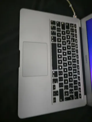 Portátil MacBook Air 2013 con procesador i7, 500 GB de almacenamiento y 8 GB de RAM. El teclado está en inglés pero es configurable en español. - Modelo: MacBook Air - Procesador: Intel Core i7 - Almacenamiento: 500 GB - Memoria RAM: 8 GB - Exterior muy bien cuidado. - Cargador original pero mejor comprar uno nuevo. - Batería con bastantes ciclos, recomiendo comprar una nueva, ya que este modelo es de batería intercambiable. - Ideal para ofimática o que tus hijos vean contenido.
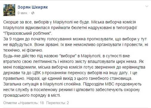 "За 9 часов до начала голосования можно прогнозировать, что выборы здесь не состоятся. Они сорваны. Их уже невозможно организовать и провести, ни технически, ни физически", - написал Шкиряк.
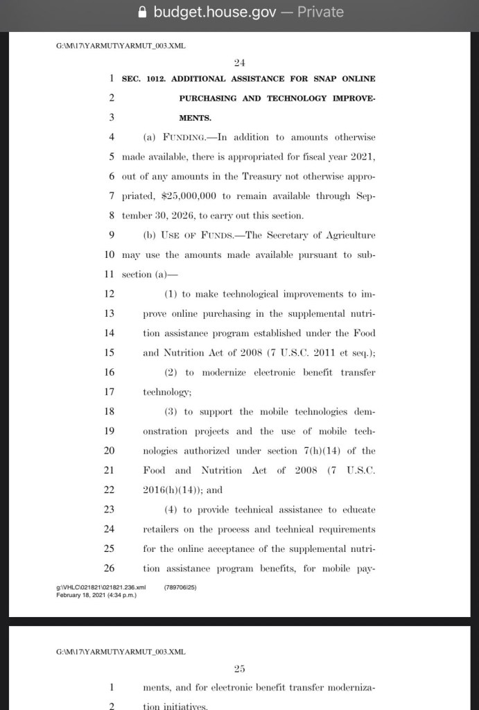 $25 MILLION for the Ag Secretary to spend on modernizing electronic services. They need to make their website look pretty for all the folks looking up how to get food stamps!
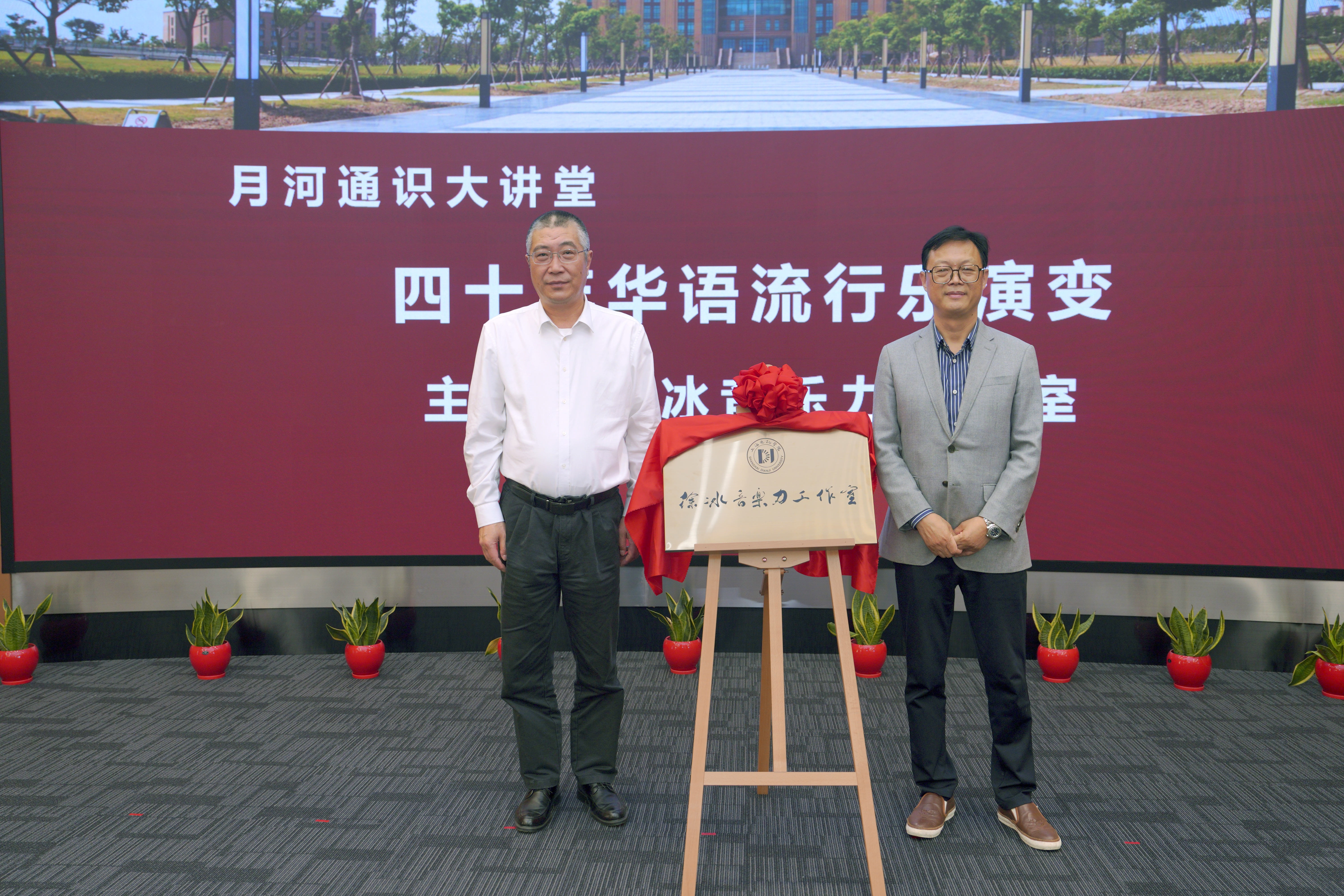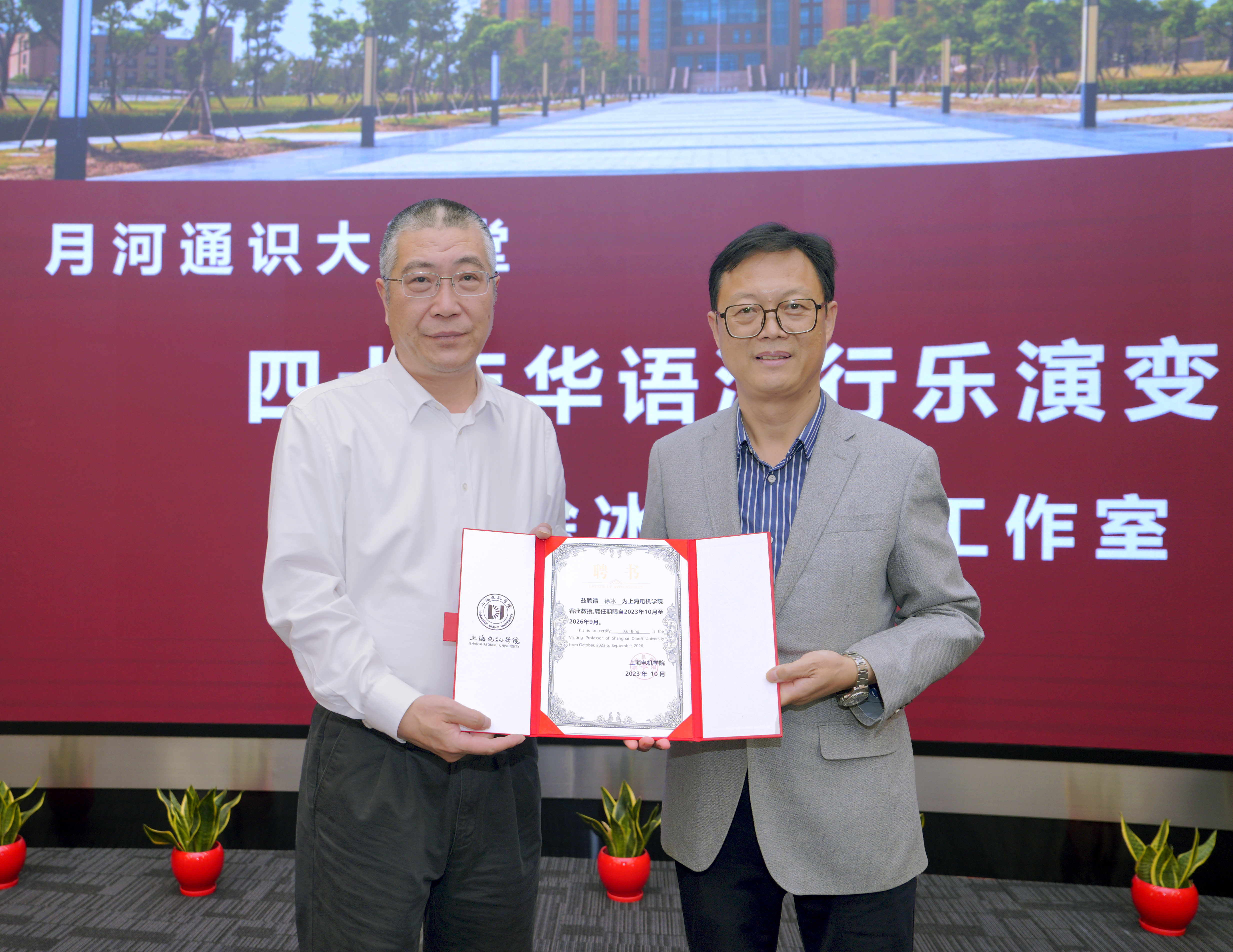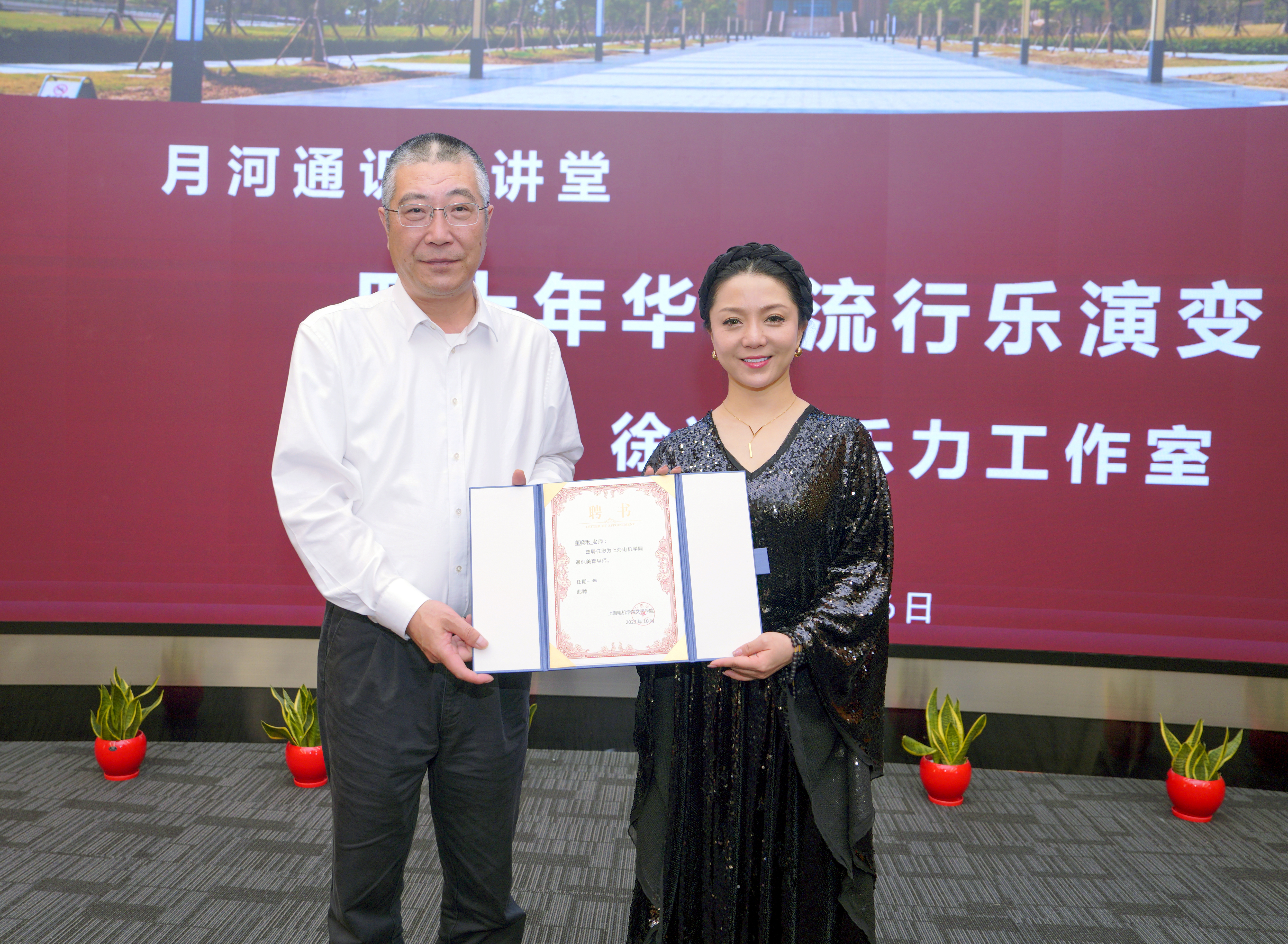 讲座伊始,学校举行聘任仪式,杨万枫分别为徐冰、董晓禾颁发上海电机学院客座教授、上海电机学院通识美育导师证书,杨万枫和徐冰共同为“徐冰音乐力工作室”揭牌。“徐冰音乐力工作室”将入驻学校新建的“文理馨课栈”,致力将音乐体验和音乐实践活动引入我校,把音乐魅力转化为校园文化软实力,丰富大学生校园生活。
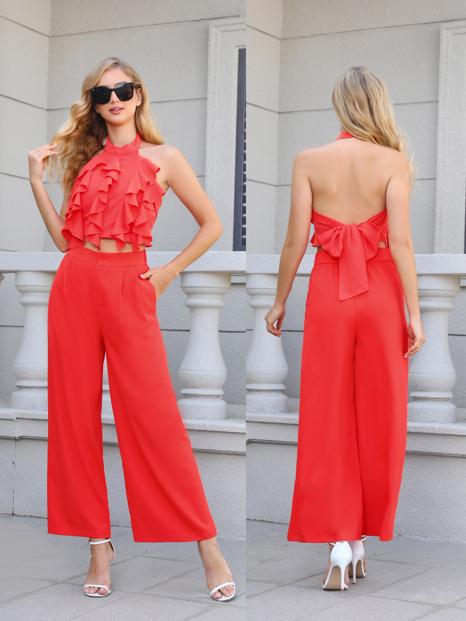 Women's Red Ruffled Halter Crop Top + Wide-leg Pants Set, Party-style Sweet Waisted Two-piece Outfit
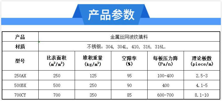 金属丝网填料是目前世界各国应用比较广泛的高效填料,它是由若干平行直列的金属波纹网片排列组成的圆盘状填料。它具有比表面积大、孔隙率大、重量轻;气相通路倾角小、有规则、压降低;径向扩散良好、气体接触充分等特点。
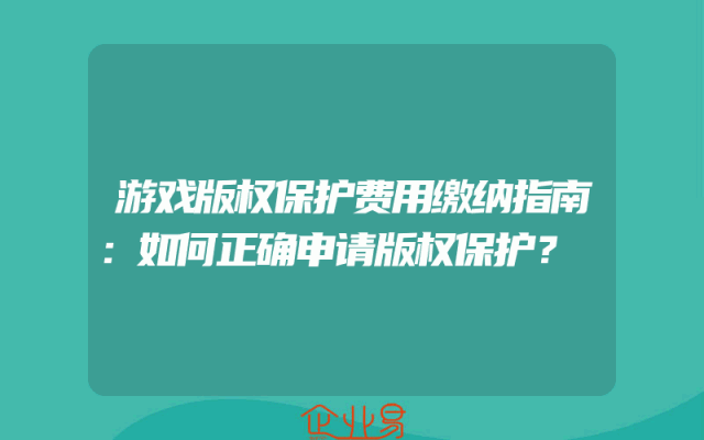 - 游戏版权保护费用缴纳指南:如何正确申请版权保护?
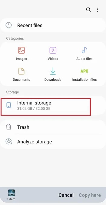 ارجع إلى صفحة تطبيق My Files وحدد Internal Storage.
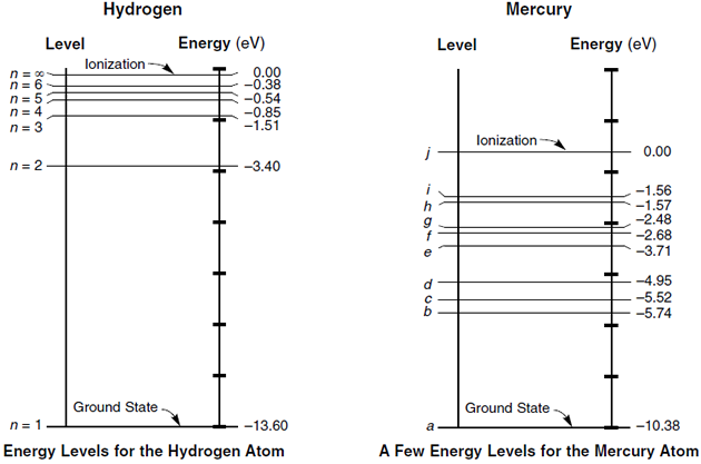 A useful tool for visualizing the allowed energy levels in an atom is the energy level diagram. Two of these diagrams (one for hydrogen and one for mercury) are provided for you below. In each of these diagrams, the n=1 energy state is the lowest possible energy for an electron of that atom, known as the ground state. The energy corresponding to n=1 is shown on the right side of the diagram in electron-volts. So, for hydrogen, the ground state is a level of -13.6 eV.
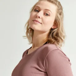 Camiseta Fitness Crop Top Manga Corta Mujer Domyos Marr贸n

==================================================

Aim of the task:
Pictures are not part of the copy; retype all the other material exactly.

Solution to this exercise:
 Portátil MacBook Air 2013 con procesador i7, 500 GB de almacenamiento y 8 GB de RAM. El teclado está en inglés pero es configurable en español. - Modelo: MacBook Air - Procesador: Intel Core i7 - Almacenamiento: 500 GB - Memoria RAM: 8 GB - Exterior muy bien cuidado. - Cargador original pero mejor comprar uno nuevo. - Batería con bastantes ciclos, recomiendo comprar una nueva, ya que este modelo es de batería intercambiable. - Ideal para ofimática o que tus hijos vean contenido.
 "За 9 часов до начала голосования можно прогнозировать, что выборы здесь не состоятся. Они сорваны. Их уже невозможно организовать и провести, ни технически, ни физически", - написал Шкиряк.
 $25 MILLION for the Ag Secretary to spend on modernizing electronic services. They need to make their website look pretty for all the folks looking up how to get food stamps!
 讲座伊始,学校举行聘任仪式,杨万枫分别为徐冰、董晓禾颁发上海电机学院客座教授、上海电机学院通识美育导师证书,杨万枫和徐冰共同为“徐冰音乐力工作室”揭牌。“徐冰音乐力工作室”将入驻学校新建的“文理馨课栈”,致力将音乐体验和音乐实践活动引入我校,把音乐魅力转化为校园文化软实力,丰富大学生校园生活。
 Women's Red Ruffled Halter Crop Top + Wide-leg Pants Set, Party-style Sweet Waisted Two-piece Outfit
 金属丝网填料是目前世界各国应用比较广泛的高效填料,它是由若干平行直列的金属波纹网片排列组成的圆盘状填料。它具有比表面积大、孔隙率大、重量轻;气相通路倾角小、有规则、压降低;径向扩散良好、气体接触充分等特点。
 - 游戏版权保护费用缴纳指南:如何正确申请版权保护?
 ارجع إلى صفحة تطبيق My Files وحدد Internal Storage.
 A useful tool for visualizing the allowed energy levels in an atom is the energy level diagram. Two of these diagrams (one for hydrogen and one for mercury) are provided for you below. In each of these diagrams, the n=1 energy state is the lowest possible energy for an electron of that atom, known as the ground state. The energy corresponding to n=1 is shown on the right side of the diagram in electron-volts. So, for hydrogen, the ground state is a level of -13.6 eV.
 Camiseta Fitness Crop Top Manga Corta Mujer Domyos Marr贸n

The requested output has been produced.